Records from a data source
Content starts

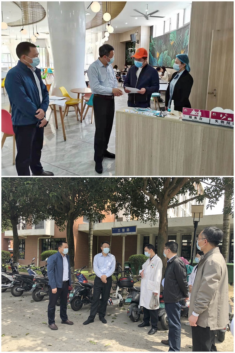 3月16日,校领导潘玉腾、涂荣带队深入校园开展疫情防控工作检查。党政办公室、学生工作部、保卫处、后勤管理处、校医院负责人陪同检查。
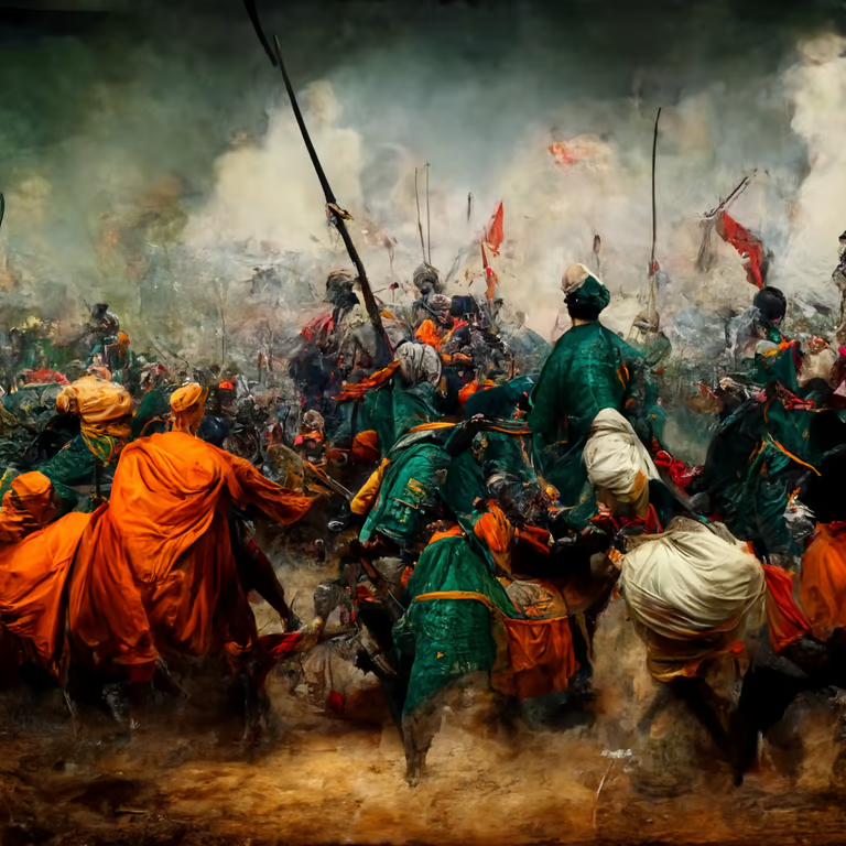 The Mughals are seen warring the Lodhis in the 1st Battle of Panipat, where we see Babur being almost killed by the Lodhi forces! Ibrāhīm Lodhi was in his mid-40s, but is instead depicted as a 60+ man with a long white beard and heavy voice (out of old age).
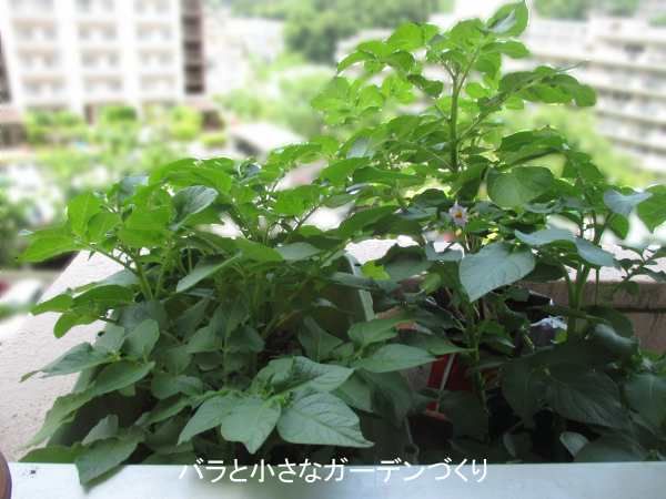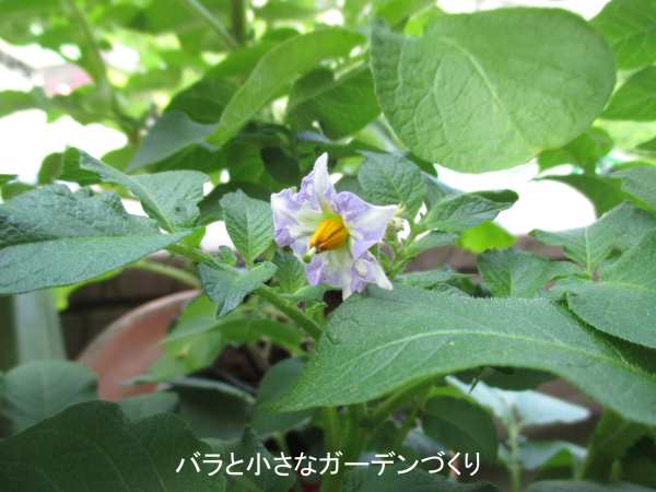 じゃがいもの花が1輪だけ咲きました。白というより薄紫の花でした。花の寿命は短く1日花かな? 蕾らしきものがいくつもあるのですが、意外と開花する気配がなく、咲いたのはこれ1輪だけでした。
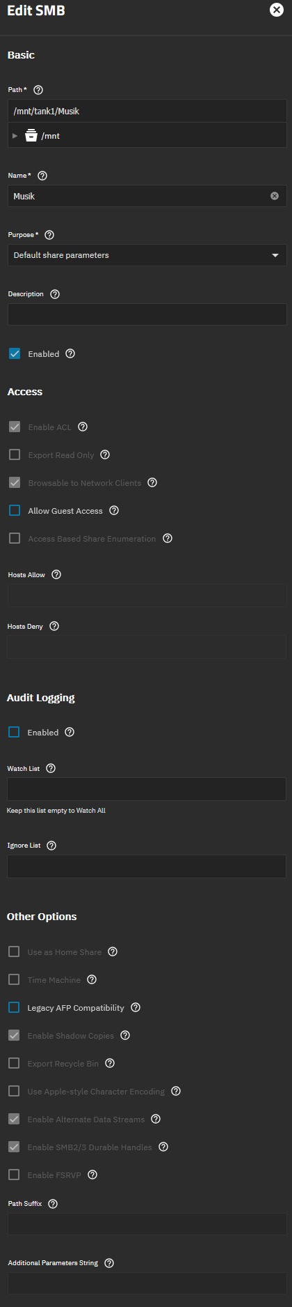 music SMB share settings:
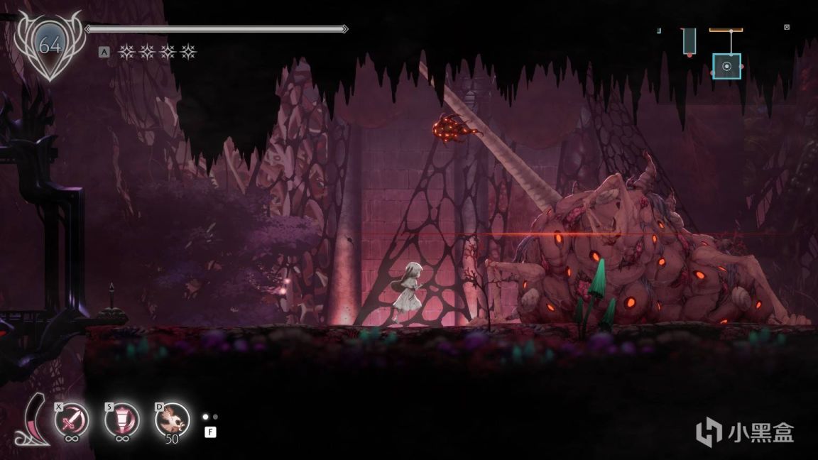 而到禁区就下滑到了一个巅峰,由于探索各种难点(超级跳什么的)已经在之前用的差不多了,禁区竟然使用了堆怪这种最笨重的手段来增加探索地图的难度,无脑堆高怪物的伤害,堆高硬直,甚至就把收集物放在难打怪物的脚下。这在我眼里是失败的,银河城类游戏玩的是探索地图的乐趣,而不是跟魂类游戏打败难打怪物的那种成就感,隐藏房间的发现、隐藏物品的找寻,这些才是快乐的来源,所以在设计上有些本末倒置,是拉低评分的地图设计。
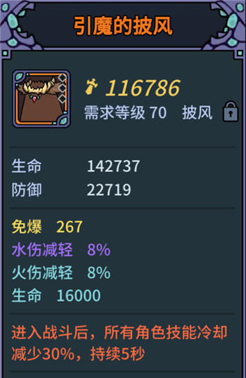 装备效果:进入战斗前5秒内缩短30%技能CD,必备精品,勇者5图小怪及上锁宝箱出。
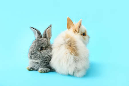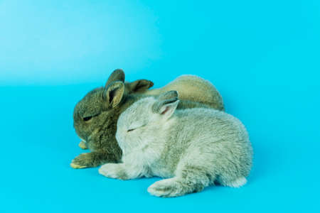 Group of newborn bunny lying down on blue background. Three adorable lovely fluffy rabbit lying together on isolated blue background. Easter animal concept.
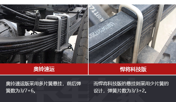 但在轻量化设计与承载性平衡方面,奥铃做得更到位,在轻量化材料大面积使用的情况下,承载性上仍然使用了直通梁和多片簧悬架,能够最大化发挥奥铃速运版的载重性能。

Content ends

Could the entries above be written out word for word, pictures excluded?

 3月16日,校领导潘玉腾、涂荣带队深入校园开展疫情防控工作检查。党政办公室、学生工作部、保卫处、后勤管理处、校医院负责人陪同检查。
 The Mughals are seen warring the Lodhis in the 1st Battle of Panipat, where we see Babur being almost killed by the Lodhi forces! Ibrāhīm Lodhi was in his mid-40s, but is instead depicted as a 60+ man with a long white beard and heavy voice (out of old age).
 じゃがいもの花が1輪だけ咲きました。白というより薄紫の花でした。花の寿命は短く1日花かな? 蕾らしきものがいくつもあるのですが、意外と開花する気配がなく、咲いたのはこれ1輪だけでした。
 music SMB share settings:
 而到禁区就下滑到了一个巅峰,由于探索各种难点(超级跳什么的)已经在之前用的差不多了,禁区竟然使用了堆怪这种最笨重的手段来增加探索地图的难度,无脑堆高怪物的伤害,堆高硬直,甚至就把收集物放在难打怪物的脚下。这在我眼里是失败的,银河城类游戏玩的是探索地图的乐趣,而不是跟魂类游戏打败难打怪物的那种成就感,隐藏房间的发现、隐藏物品的找寻,这些才是快乐的来源,所以在设计上有些本末倒置,是拉低评分的地图设计。
 装备效果:进入战斗前5秒内缩短30%技能CD,必备精品,勇者5图小怪及上锁宝箱出。
 Group of newborn bunny lying down on blue background. Three adorable lovely fluffy rabbit lying together on isolated blue background. Easter animal concept.
 但在轻量化设计与承载性平衡方面,奥铃做得更到位,在轻量化材料大面积使用的情况下,承载性上仍然使用了直通梁和多片簧悬架,能够最大化发挥奥铃速运版的载重性能。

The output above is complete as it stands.